GET /api/{id} - return a quote by id

@GetMapping("/{id}")
public ResponseEntity<Quote> byId(@PathVariable Long id) {
    return QUOTES.stream()
        .filter(v -> v.id().equals(id))
        .findFirst()
        .map(v -> ResponseEntity.ok(new Quote("success", v)))
        .orElse(ResponseEntity.notFound().build());
}

First, the URL and @PathVariable:

  • @GetMapping("/{id}") means this method handles URLs like /api/1, /api/2, /api/10.
  • @PathVariable Long id means:
    • Take the number from the URL and put it into the id parameter.
    • Example: GET /api/5 makes id = 5.

What the method does:

  1. Look through all quotes until it finds one with the same id.
  2. If it finds one, return HTTP 200 with Quote("success", value).
  3. If it does not find one, return HTTP 404 (Not Found).

Using ResponseEntity gives us proper HTTP status codes:

  • ResponseEntity.ok(...) returns 200 OK with the body
  • ResponseEntity.notFound().build() returns 404 Not Found with no body

This follows REST best practices where missing resources return 404.


JSON output shape

For any of the methods that return a Quote, Spring converts it to JSON automatically.

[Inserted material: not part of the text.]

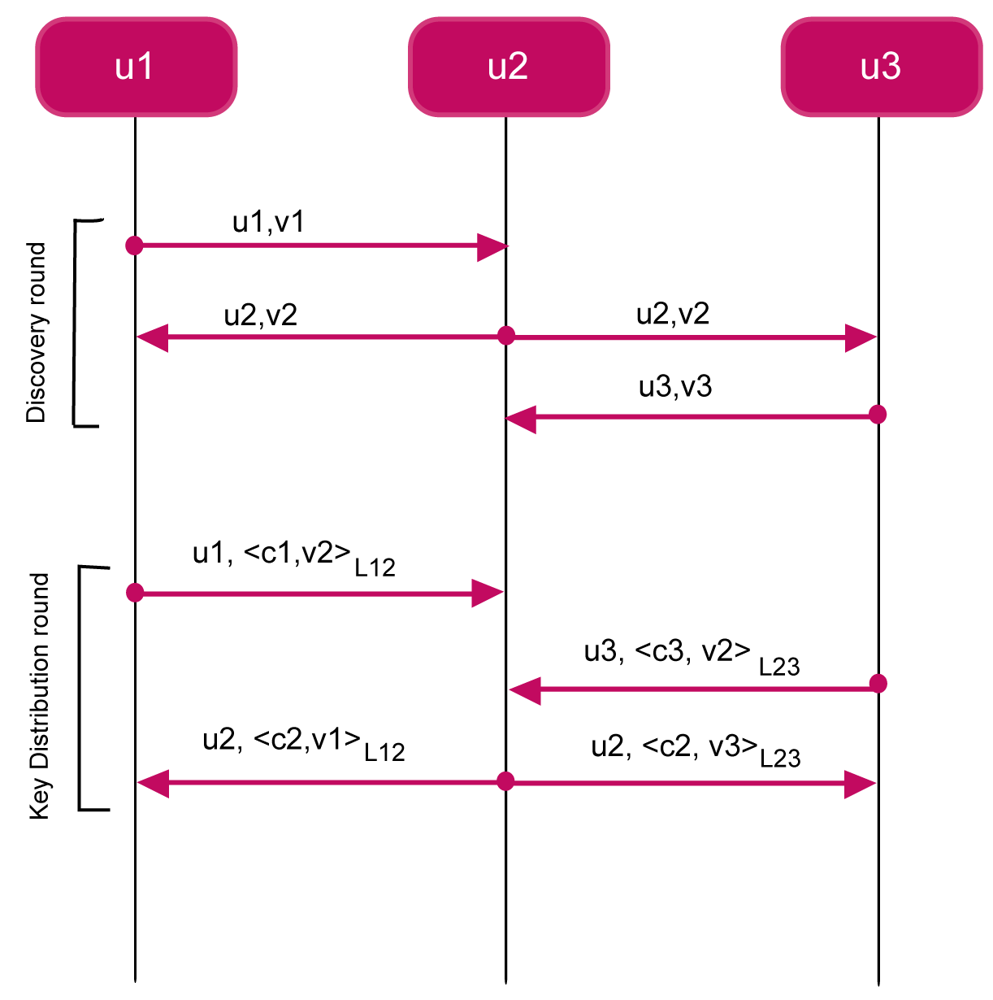 The protocol is composed of two rounds, the discovery round and the key distribution round. In the discovery round, a node u generates a fresh quantity νu and broadcasts it together with its identifier u (message M6.3). Upon receiving message M6.3, a node υ replies u with its identifier υ, its cluster key cv, and the fresh quantity νu (message M6.3). The message is protected by means of the link key ℓuv. Upon successfully receiving message M6.3 from υ (otherwise, the message is discarded), node u stores the received cluster key cv into its CKT

Example for GET /api/random:

{
  "type": "success",
  "value": {
    "id": 3,
    "quote": "Spring Boot is the best thing that has happened to Java development in a long time."
  }
}

Why this works:

  • @RestController tells Spring to write return values as JSON.
  • Spring Boot includes Jackson, which knows how to turn records (Quote, Value) into JSON using their field names.
  • Our field names (type, value, id, quote) match exactly what we want in the JSON.

Testing

The controller has tests in QuoteControllerTest.java that verify all three endpoints:

Test What it checks
getAllQuotes_returnsListOf10Quotes /api/ returns 10 quotes with type="success"
getRandomQuote_returnsSuccessWithValidId /api/random returns a valid quote
getQuoteById_withValidId_returnsQuote /api/5 returns the correct quote
getQuoteById_withInvalidId_returns404 /api/999 returns HTTP 404 Not Found

The tests use @WebMvcTest which loads only the web layer, making them fast. Spring Boot 4.0 moved this annotation to the org.springframework.boot.webmvc.test.autoconfigure package.